Robustness to distribution shifts
To learn more, see
this section in the report.
Authors: Sang Michael Xie, Ananya Kumar, Rohan Taori, Tony Lee, Shiori Sagawa, Pang Wei Koh, Tatsunori Hashimoto
A major limitation of standard machine learning is that it produces models that are not robust to
distribution shifts, where the training distribution does not match the test distribution (for the downstream task).
Existing work shows that adapting a foundation model trained on a broad range of unlabeled data improves the robustness of adapted models across a wide variety of shifts.
This opens a new set of promising directions for improving training and adaptation of foundation models for robustness.
However, we do not believe that foundation models are a panacea for robustness—challenges such as extrapolation across time and spurious correlations are not likely to be fully addressed.
AI safety and alignment
Ensuring foundation models are reliable, robust, and interpretable is increasingly important when considering the potential real-world applications of these models.
In addition to critical and immediate considerations, we also consider the relationship between foundation models and larger-scale risks, hazards, and harms that have the potential for increased relevance as model capabilities continue to advance.
For example, we consider the importance of
aligning foundation models such that they are not deployed with
misspecified goals or values. We also discuss the relevance of
forecasting the emergent behaviors of foundation models (
e.g., the ability to deceive or plan strategically), which may complicate attempts to adapt them to particular tasks, and may require new approaches for interpretability or evaluation.
Theory
To learn more, see
this section in the report.
Authors: Aditi Raghunathan, Sang Michael Xie, Ananya Kumar, Niladri Chatterji, Rohan Taori, Tatsunori Hashimoto, Tengyu Ma
Learning theory provides a broad foundation for the variety of contexts encountered in applied machine learning; theory offers both understanding, principles, and guarantees to complement empirical findings.

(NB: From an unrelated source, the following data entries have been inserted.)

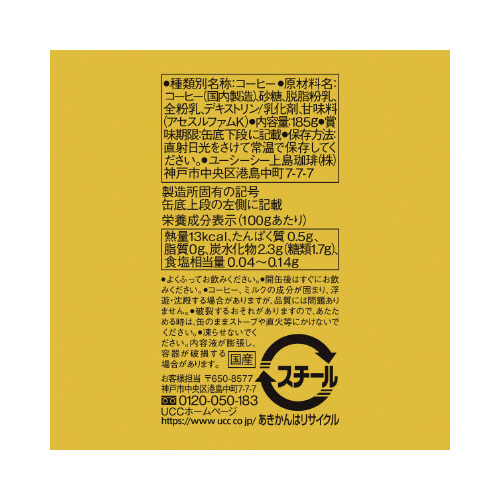 | 商品名 | UCC ブレンドコーヒー(微糖) 185g 30缶※ |
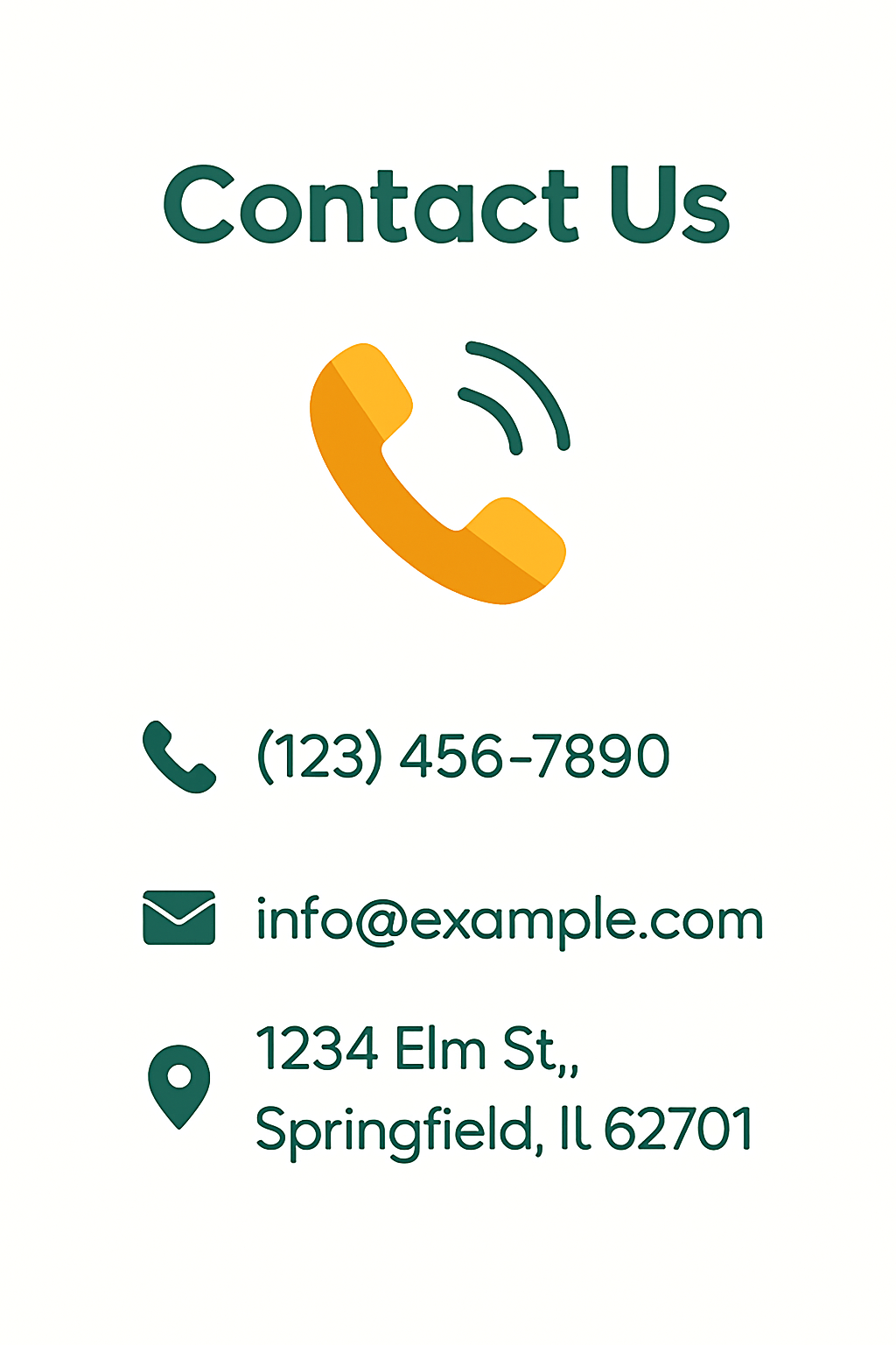 Simple and modern contact information graphic featuring a phone icon, email, and address layout, ideal for business communication or website use.
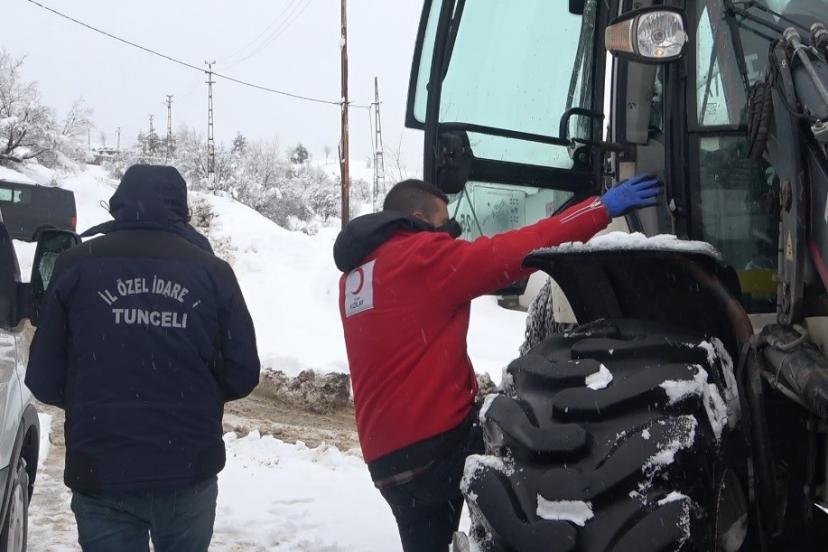Zorlu kış şartlarına rağmen Pülümür’de hem hasta yatağı hem de Ramazan kolisi dağıtımı yapan Kızılay ekibi, yoğun kar yağışı nedeniyle yolda kaldı. İl Özel İdaresi ve belediye ekiplerinin desteğiyle yol açıldı, hasta yatağı kepçe yardımıyla ihtiyaç sahibine ulaştırıldı.

At present, the study of foundation models is largely empirical: the theory of standard supervised learning, while relatively mature, is inadequate to fully explain foundation models.
Specifically, the discrepancy between the training phase and the adaptation phase within the foundation model regime pinpoints the insufficiency of existing theory, since these phases correspond to (potentially) completely different tasks and data distributions.

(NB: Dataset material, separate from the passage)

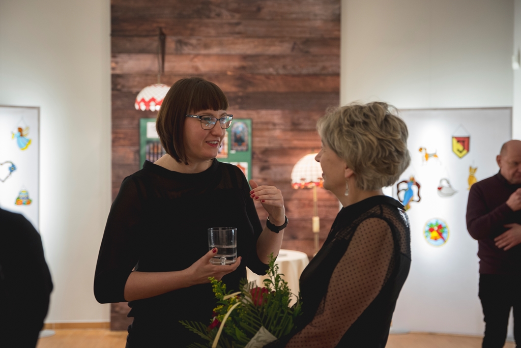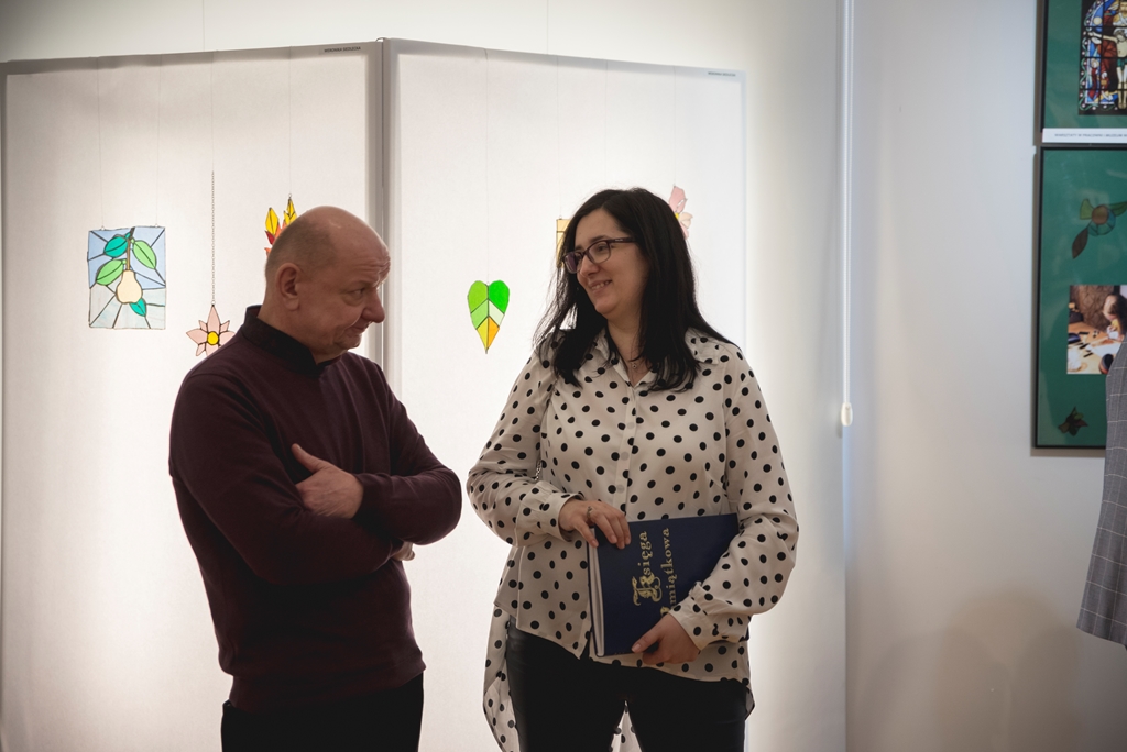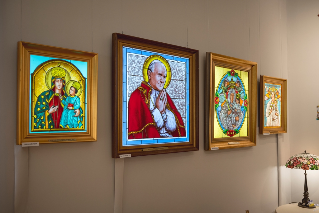 Na wystawie nie mogło zabraknąć prac ciechanowieckich mistrzów witrażu, którzy uczyli naszą uzdolnioną młodzież trudnej sztuki tworzenia szklanych obrazów malowanych światłem. Na pierwszej sali zobaczą Państwo dzieła państwa Wiery, Romana i Adama Godlewskich, a także ich podopiecznych Joanny Ryczkowskiej, Michała i Mateusza Godlewskich notabene wnuczków założycieli ciechanowieckiej pracowni witraży, istniejącej od 1974 r. Na drugiej sali wyeksponowano prace uczniów Łukasza Porucznika, Julii Sabak, Weroniki Siedleckiej i Dominiki Szcześniak obok dzieł ich mistrza witrażu – pana Stanisława Szcześniaka z Zadobrza koło Ciechanowca.

Nevertheless, we endeavor that advances in theory to address this discrepancy, even in simple, limited settings, will provide useful insights.
Interpretability
To learn more, see
this section in the report.
Authors: John Hewitt*, Armin W. Thomas*, Pratyusha Kalluri, Rodrigo Castellon, Christopher D. Manning
Interpretability provides clarity to foundation models: the opacity of the deep neural networks that underpin foundation models, alongside the expected ubiquity of foundation models, heightens the need to understand these models and their capabilities.

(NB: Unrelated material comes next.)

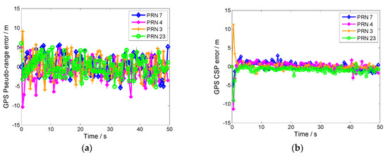 High-precision navigation measurements can be obtained by CSP. The errors of the GPS conventional pseudo-range and CSP are depicted in Figure 9a,b, respectively.

Interpretability methods at present generally are designed for interpreting and explaining the behavior of task-specific models; the nature of foundation models (
i.e., the wide array of tasks these models are beneficial for and the unexpected emergent properties they acquire) introduces new challenges for interpretability research.
To frame the discussion of interpretability for foundation models, we propose the
one model-many models paradigm, which aims to determine the extent to which the
one model (the foundation model) and its
many models (its adapted derivatives) share decision-making building blocks.
In addition to interpreting the decision-making components involved, we further discuss
explainability in the context of foundation models (
e.g., the validity of
post hoc explanations generated by models) as well as the
mechanisms that drive model behavior (which may clarify the extent to which understanding foundation models can extend to understanding their adapted derivatives).
Given the critical role we ascribe interpretability in the study of foundation models, we conclude with an assessment of the societal impact of interpretability and non-interpretability.